Why Would We Ever Long for the Cross?

Why Would We Ever Long for the Cross? September 14, 2013

St. Andrew of Crete explains (via the Liturgy of the Hours today):

We are celebrating the feast of the cross which drove away darkness and brought in the light. As we keep this feast, we are lifted up with the crucified Christ, leaving behind us earth and sin so that we may gain the things above. So great and outstanding a possession is the cross that he who wins it has won a treasure. Rightly could I call this treasure the fairest of all fair things and the costliest, in fact as well as in name, for on it and through it and for its sake the riches of salvation that had been lost were restored to us.

Had there been no cross, Christ could not have been crucified. Had there been no cross, life itself could not have been nailed to the tree. And if life had not been nailed to it, there would be no streams of immortality pouring from Christ’s side, blood and water for the world’s cleansing. The legal bond of our sin would not be cancelled, we should not have attained our freedom, we should not have enjoyed the fruit of the tree of life and the gates of paradise would not stand open. Had there been no cross, death would not have been trodden underfoot, nor hell despoiled.

Therefore, the cross is something wonderfully great and honorable. It is great because through the cross the many noble acts of Christ found their consummation—very many indeed, for both his miracles and his sufferings were fully rewarded with victory. The cross is honorable because it is both the sign of God’s suffering and the trophy of his victory. It stands for his suffering because on it he freely suffered unto death. But it is also his trophy because it was the means by which the devil was wounded and death conquered; the barred gates of hell were smashed, and the cross became the one common salvation of the whole world.

The cross is called Christ’s glory; it is saluted as his triumph. We recognize it as the cup he longed to drink and the climax of the sufferings he endured for our sake. As to the cross being Christ’s glory, listen to his words: Now is the Son of Man glorified, and in him God is glorified, and God will glorify him at once. And again: Father, glorify me with the glory I had with you before the world came to be. And once more: Father, glorify your name. Then a voice came from heaven: I have glorified it and I will glorify it again. Here he speaks of the glory that would accrue to him through the cross. And if you would understand that the cross is Christ’s triumph, hear what he himself also said: When I am lifted up, then I will draw all men to myself.
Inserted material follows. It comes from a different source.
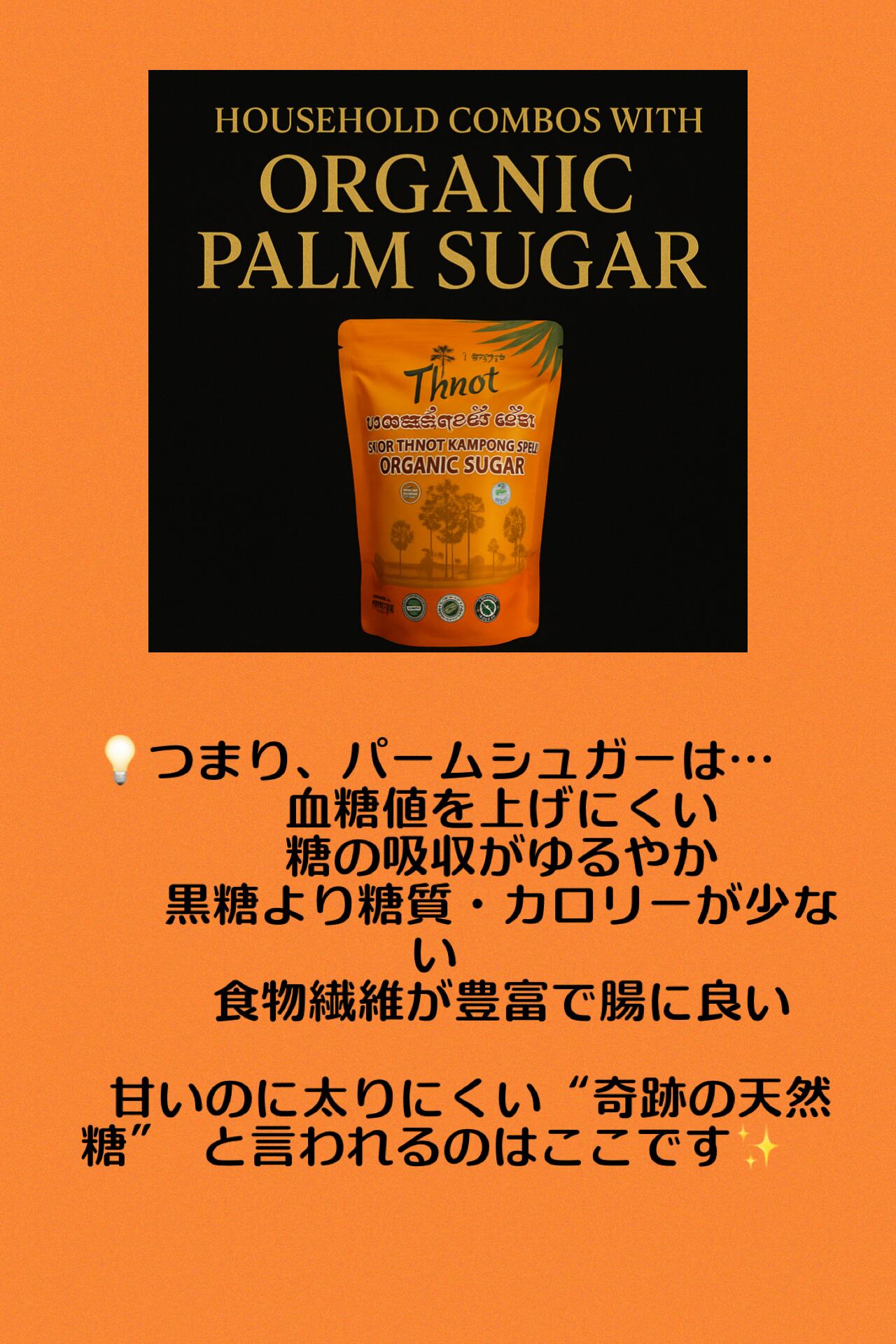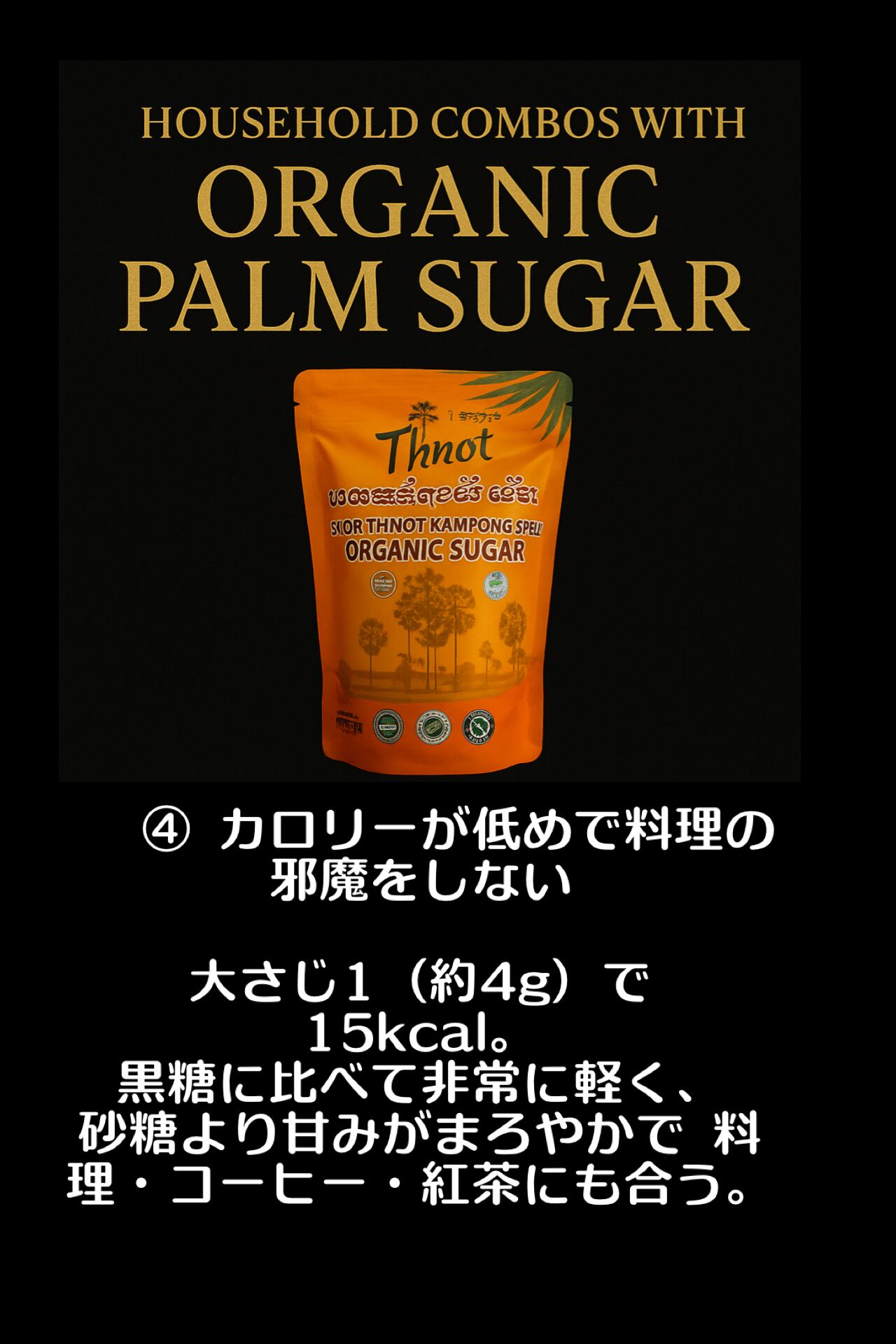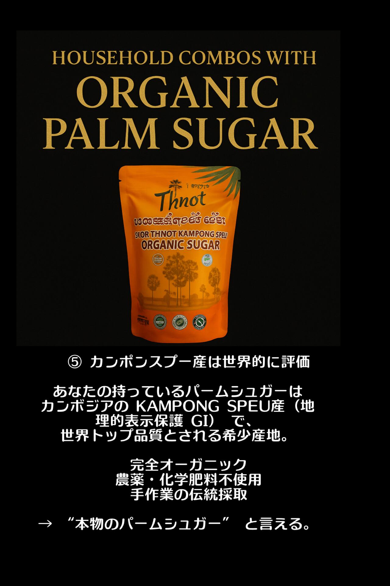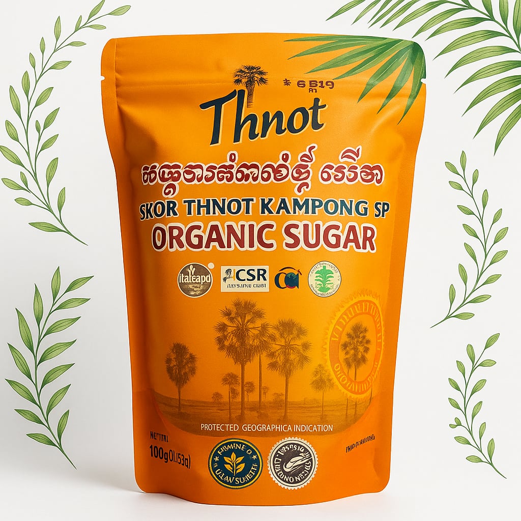 カンボジアの伝統農法でつくられる、ヤシの花序や幹などの樹液を煮詰めて作られる茶褐色のコクのある砂糖です。

Now you can see that the cross is Christ’s glory and triumph.

In the Cross, we are redeemed, life makes some sense, we have true and certain hope.

On the Cross, we come to know God. From another homily:

the truth about the cross is inescapable. God suffered this way. God died this way. And curiously enough he accepted this particular kind of death and made it a gift for us. That is the great mystery of the cross and the great mystery of our Christian faith.

The meaning of the cross is not just its brutality. It is, so to speak, multivalent- it means many things, but principally it is about the kind of God that we believe in. God in Christ accepts for himself the full implications of human existence, immerses himself in its totality and as such accepts that he will experience in his human nature suffering and death. He does this so that his promise of fidelity to us will be irrefutable.

Christ goes into the deepest reality of human existence, and because he is God, he remains present to that reality then, now and forever. In all of the events and circumstances Christ is present and working.

Suffering cannot frustrate his ultimate purposes. Death does not have the final word. God’s power manifested in Christ overcomes the cruelty and violence of the world.

The cross reveals God to us and displays the manner in which he relates to us, to history, to the powers of the world, indeed to all creation itself.

May the Holy Cross be our light on our journey in faith to the wedding feast!